Diversification Opportunities for Franklin Mutual and Franklin Small

0.75
  Correlation Coefficient

Poor diversification

The 3 months correlation between Franklin and Franklin is 0.75. Overlapping area represents the amount of risk that can be diversified away by holding Franklin Mutual Beacon and Franklin Small Cap in the same portfolio, assuming nothing else is changed. The correlation between historical prices or returns on Franklin Small Cap and Franklin Mutual is a relative statistical measure of the degree to which these equity instruments tend to move together. The correlation coefficient measures the extent to which returns on Franklin Mutual Beacon are associated (or correlated) with Franklin Small. Values of the correlation coefficient range from -1 to +1, where. The correlation of zero (0) is possible when the price movement of Franklin Small Cap has no effect on the direction of Franklin Mutual i.e., Franklin Mutual and Franklin Small go up and down completely randomly.

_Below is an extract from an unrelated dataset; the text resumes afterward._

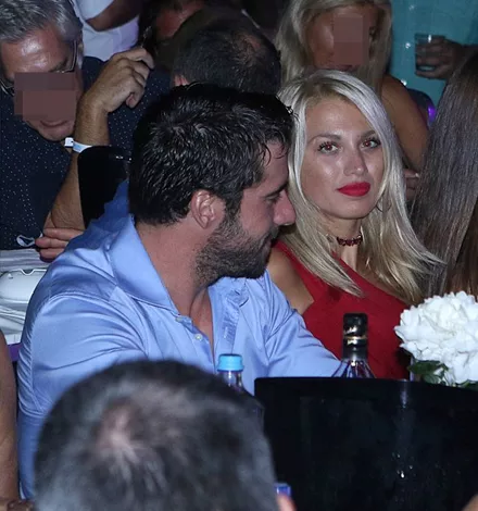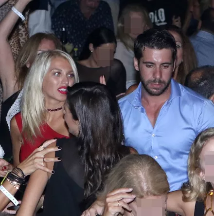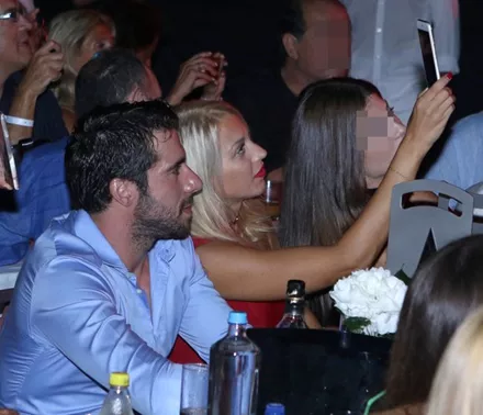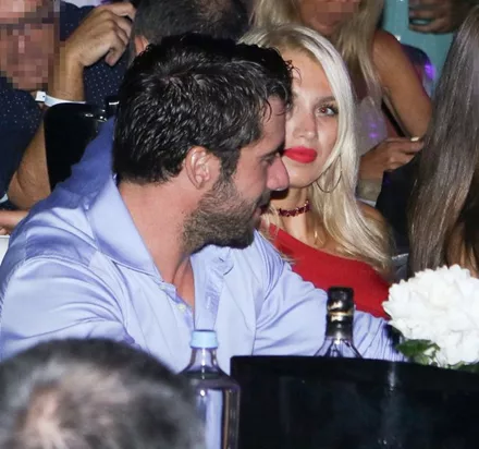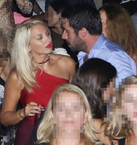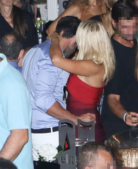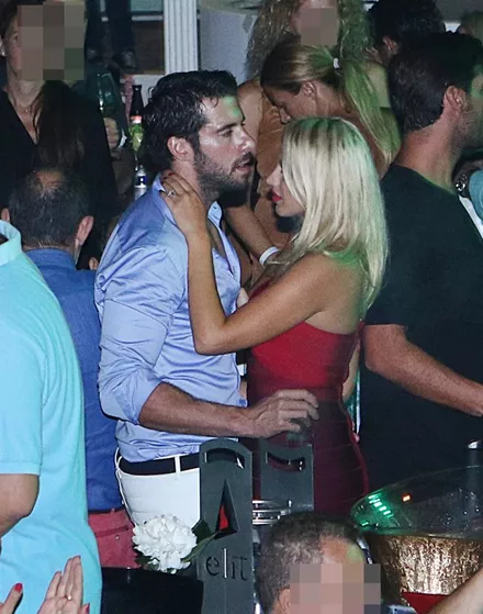 Το ζευγάρι, όπως φαίνεται και στις φωτογραφίες, αδιαφορώντας για τα αδιάκριτα βλέμματα δεν σταμάτησε να ανταλλάζει φιλιά και αγκαλιές καθ' όλη τη διάρκεια της βραδιάς.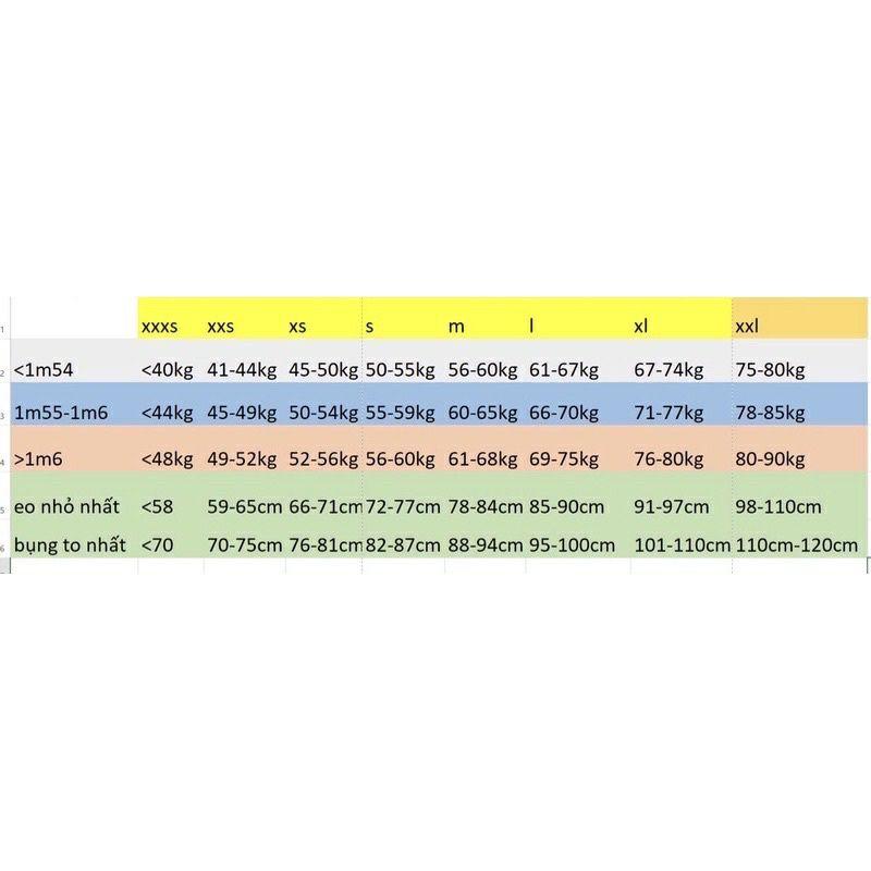size từ xxxs tới xxl

Pair Corralation between Franklin Mutual and Franklin Small

Assuming the 90 days horizon Franklin Mutual is expected to generate 1.4 times less return on investment than Franklin Small. But when comparing it to its historical volatility, Franklin Mutual Beacon is 1.6 times less risky than Franklin Small. It trades about 0.03 of its potential returns per unit of risk. Franklin Small Cap is currently generating about 0.03 of returns per unit of risk over similar time horizon. If you would invest  4,928  in Franklin Small Cap on September 26, 2024 and sell it today you would earn a total of  648.00  from holding Franklin Small Cap or generate 13.15% return on investment over 90 days.
Time Period3 Months [change]
DirectionMoves Together 
StrengthSignificant
Accuracy100.0%
ValuesDaily Returns

Franklin Mutual Beacon  vs.  Franklin Small Cap

 Performance 
       Timeline  
Franklin Mutual Beacon 

Risk-Adjusted Performance

0 of 100

 
Weak
 
Strong
Very Weak
Over the last 90 days Franklin Mutual Beacon has generated negative risk-adjusted returns adding no value to fund investors. In spite of latest weak performance, the Fund's technical and fundamental indicators remain strong and the current disturbance on Wall Street may also be a sign of long term gains for the fund investors.
Franklin Small Cap 

Risk-Adjusted Performance

0 of 100

 
Weak
 
Strong
Very Weak
Over the last 90 days Franklin Small Cap has generated negative risk-adjusted returns adding no value to fund investors. In spite of fairly strong basic indicators, Franklin Small is not utilizing all of its potentials. The current stock price disturbance, may contribute to short-term losses for the investors.

Franklin Mutual and Franklin Small Volatility Contrast

   Predicted Return Density   
       Returns  

Pair Trading with Franklin Mutual and Franklin Small

The main advantage of trading using opposite Franklin Mutual and Franklin Small positions is that it hedges away some unsystematic risk. Because of two separate transactions, even if Franklin Mutual position performs unexpectedly, Franklin Small can make up some of the losses. Pair trading also minimizes risk from directional movements in the market. For example, if an entire industry or sector drops because of unexpected headlines, the short position in Franklin Small will offset losses from the drop in Franklin Small's long position.
The idea behind Franklin Mutual Beacon and Franklin Small Cap pairs trading is to make the combined position market-neutral, meaning the overall market's direction will not affect its win or loss (or potential downside or upside). This can be achieved by designing a pairs trade with two highly correlated stocks or equities that operate in a similar space or sector, making it possible to obtain profits through simple and relatively low-risk investment.
Check out your portfolio center.
Note that this page's information should be used as a complementary analysis to find the right mix of equity instruments to add to your existing portfolios or create a brand new portfolio. You can also try the Portfolio Dashboard module to portfolio dashboard that provides centralized access to all your investments.